Saturday, February 26, 2011

Lost in the Slots


Can you believe it? Here I am, somewhere on the upside of maturity, however old that is, and I've never even seen the inside of a gambling casino. Not unless you count Oceans 11, Rain Man, Leaving Las Vegas, and Viva Las Vegas (on television, that is), and I'm not sure that counts for much. Now, this may not sound like anything to be concerned about, except I've got friends who're younger than me by at least three or four centuries and they've all boldly gone where I've never gone before.

Metaphorically, I've hung around Vegas on numerous occasions, since having been both a minister and a psychotherapist, I'm privy to confessional secrets. You know, what happens in Vegas, stays in Vegas? In other words, whatever you do while you're here, your secret is safe with us. Sounds confessional to me, more or less. Anyway, that and the movies are as close as I've gotten to the real thing until this past Wednesday.

No, I didn't hop a quick flight west after my last patient and gamble the night away, only to show up at my preceptor's office on Thursday, bleary eyed and broke. What I did was drive up to Bangor to see some friends from medical school who are on rotations at Eastern Maine Medical Center and stopped by Hollywood Slots, a real live gambling casino on the edge of downtown. It seemed like a perfect opportunity to take a look at what for some, has been the River of No Return.

The first thing I discovered was, it's difficult to just look because the place is an experience in sensory overload. Walking through the glass entry doors, the sound of slot machines clicking over their tumblers dominates all else. Naturally, there was music, a nondescript form of contemporary rock and roll, but no one was dancing like they show in the movies. The gamblers, almost all of them retired persons, were far too busy doing what they came there to do and, besides, the Muzak wasn't likely their cup of tea, anyway.

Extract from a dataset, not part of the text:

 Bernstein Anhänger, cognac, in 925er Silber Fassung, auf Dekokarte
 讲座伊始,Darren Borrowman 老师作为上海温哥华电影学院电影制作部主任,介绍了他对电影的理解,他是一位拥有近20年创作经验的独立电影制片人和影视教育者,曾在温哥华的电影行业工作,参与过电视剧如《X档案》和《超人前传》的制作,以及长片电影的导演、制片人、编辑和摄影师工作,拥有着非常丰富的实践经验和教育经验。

The next thing I noticed was the lights. Lights from the machines, from fixtures in the ceiling, bright enough to avoid tripping, but not so bright as to take your attention away from the all important one-armed bandits which, it turns out, don't have arms anymore. I suppose that's more of a throwback to the original Oceans 11 with Frank Sinatra and the Rat Pack, still worth renting for a date night at home. The "bandits" they use now are like computer games and operate with the touch of a button.

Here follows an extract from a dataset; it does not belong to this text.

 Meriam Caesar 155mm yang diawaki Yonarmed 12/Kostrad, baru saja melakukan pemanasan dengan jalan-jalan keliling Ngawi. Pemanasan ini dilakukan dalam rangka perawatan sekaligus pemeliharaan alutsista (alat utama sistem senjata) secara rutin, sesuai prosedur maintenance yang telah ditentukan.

It rather reminded me of Percy Jackson and the Lightening Thief, though there weren't any pretty girls in skimpy skirts and low-cut blouses offering me magic mushrooms -- talk about bad luck. There were waitresses serving drinks all right, but their uniforms were unremarkable. Either the casino owners assumed male gamblers would be too busy to notice or too old to do anything about it if they did. Curiously, there were no windows in the gambling area, nothing to mark the natural passing of time. A person could get lost in the slots for days and until their money ran out or they fell asleep, they'd never realize what had happened.

As I walked around row upon row of slot machines, I noticed that's all there was. No cigar smoke-filled room with high stakes poker players, no classy roulette table with a tuxedoed James Bond and gorgeous babes hanging on both arms. Maybe I'd misunderstood, but that was my conception of a gambling casino. Slot machines for the low-risk, low return gambler, and gaming tables for the high rollers. I was disappointed. Not that I expected James might call me over and ask if I'd hold his place, using his chips, while he slipped off to the loo -- any winnings were mine to keep -- but stranger things have happened.

At one point, I stopped walking and stood still, listening. At first all the sounds blended together like coffee, chocolate, milk, and sugar in a gigantic Mocha. But then, one by one, first chocolate, then milk, and sugar were flung out of the swirl and I could hear them individually, against the undertone of the machines -- about an A above Middle C on the musical scale. The stereo was three dimensional and the only word I know to describe it is hypnotic. The sound throws the mind's gearshift into neutral, turns off the switch, and drops the key into its pocket, not yours. One instant you're reaching for the key and the next, you're wondering why you wanted to in the first place. And that's how it happens. That's how you forget where you are.

It almost happened to me. My tour had brought me back round near the entry and like someone who's had too much to drink, I fairly staggered out the doors and up the stairs to my car, hoping I had the presence of mind to locate the exit. I headed for Tim Hortons, two doors down, for a bracing dose of sugar and caffeine to clear my head. The pastries tasted better than magic mushrooms and the coffee was all of 92 octane. With scarcely an instant of regret over the thousands of refined sugar calories I was consuming, I slugged down the Joe and drove off into the sunset, though not, unfortunately, like Percy Jackson and his friends, in a "borrowed" Maserati. I guess you can't have everything.